Some extremely erudite and thought provoking points made there by Ian.

Sadly, I am tempted to move even further to the extreme 'right wing' on this, as I see it as a never ending (and because of breeding) a growing spiral.

I would advocate that birth control should be a matter for the state, with strict criteria laid down for who can, and who cannot reproduce.
More learned people than I can lay down that criteria,

Perhaps one facet of this should be to ensure that no pregnancy will be allowed to continue, if the physical or mental disability identified by some form of scan is beyond a certain extreme level?    Once again, I would not consider myself expert enough to have a view on what that level is.

Radical thinking for some tastes, but totally pragmatic and overdue in the view of others I would suggest.

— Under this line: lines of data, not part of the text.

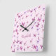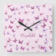 Pink Butterflies Pattern Custom Name Square Wall Clock
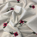 Prirodna pamučna tkanina sa cvetnim vezom u boji. Njen atraktivan dizajn uneće u vaše kolekcije pravo osveženje. Zbog svog pamučnog sastava veoma je mekana i glatka pa je pogodna za šivenje ležernih haljina, košulja, tunika.
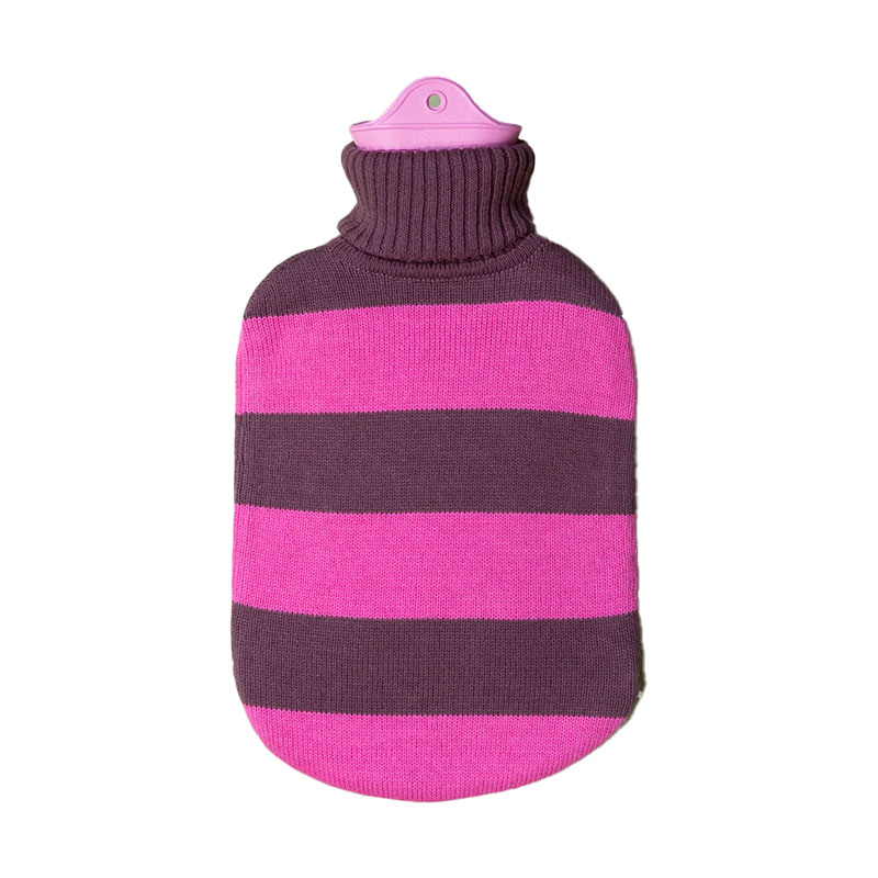 Bouillotte rose en latex naturel avec une housse rayée rose et prune en coton biologique. La housse en tricot est incroyablement douce et ne gratte pas. Avec ses compositions de couleurs tendance, cette bouillotte trouve aussi bien sa place au lit que sur le canapé.
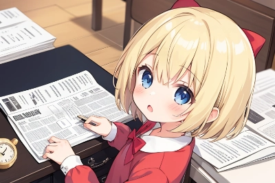 masterpiece, best quality, {{{{{newspaper}}}}},1girl,best quality, official illustration, sleeping, lying in bed, loli,blond hair,short hair,hair bow,red bow,{{hair red ribbon}},blue eyes, bedroom, bed, comforter, white walls,, cute, kawaii, , comfy, sleepy, covered in blanket,pajamas, cute

This idea isn't exactly new Fester!

FORCED STERILIZATIONS

The "sterilization Law" explained the importance of weeding out so-called genetic defects from the total German gene pool:

    Since the National Revolution public opinion has become increasingly preoccupied with questions of demographic policy and the continuing decline in the birthrate. However, it is not only the decline in population which is a cause for serious concern but equally the increasingly evident genetic composition of our people. Whereas the hereditarily healthy families have for the most part adopted a policy of having only one or two children, countless numbers of inferiors and those suffering from hereditary conditions are reproducing unrestrainedly while their sick and asocial offspring burden the community.

Some scientists and physicians opposed the involuntary aspect of the law while others pointed to possible flaws. But the designation of specific conditions as inherited, and the desire to eliminate such illnesses or handicaps from the population, generally reflected the scientific and medical thinking of the day in Germany and elsewhere.

Nazi Germany was not the first or only country to sterilize people considered "abnormal." Before Hitler, the United States led the world in forced sterilizations. Between 1907 and 1939, more than 30,000 people in twenty-nine states were sterilized, many of them unknowingly or against their will, while they were incarcerated in prisons or institutions for the mentally ill. Nearly half the operations were carried out in California. Advocates of sterilization policies in both Germany and the United States were influenced by eugenics. This sociobiological theory took Charles Darwin's principle of natural selection and applied it to society. Eugenicists believed the human race could be improved by controlled breeding.

Still, no nation carried sterilization as far as Hitler's Germany. The forced sterilizations began in January 1934, and altogether an estimated 300,000 to 400,000 people were sterilized under the law. A diagnosis of "feeblemindedness" provided the grounds in the majority of cases, followed by schizophrenia and epilepsy. The usual method of sterilization was vasectomy and ligation of ovarian tubes of women. Irradiation (x-rays or radium) was used in a small number of cases. Several thousand people died as a result of the operations, women disproportionately because of the greater risks of tubal ligation.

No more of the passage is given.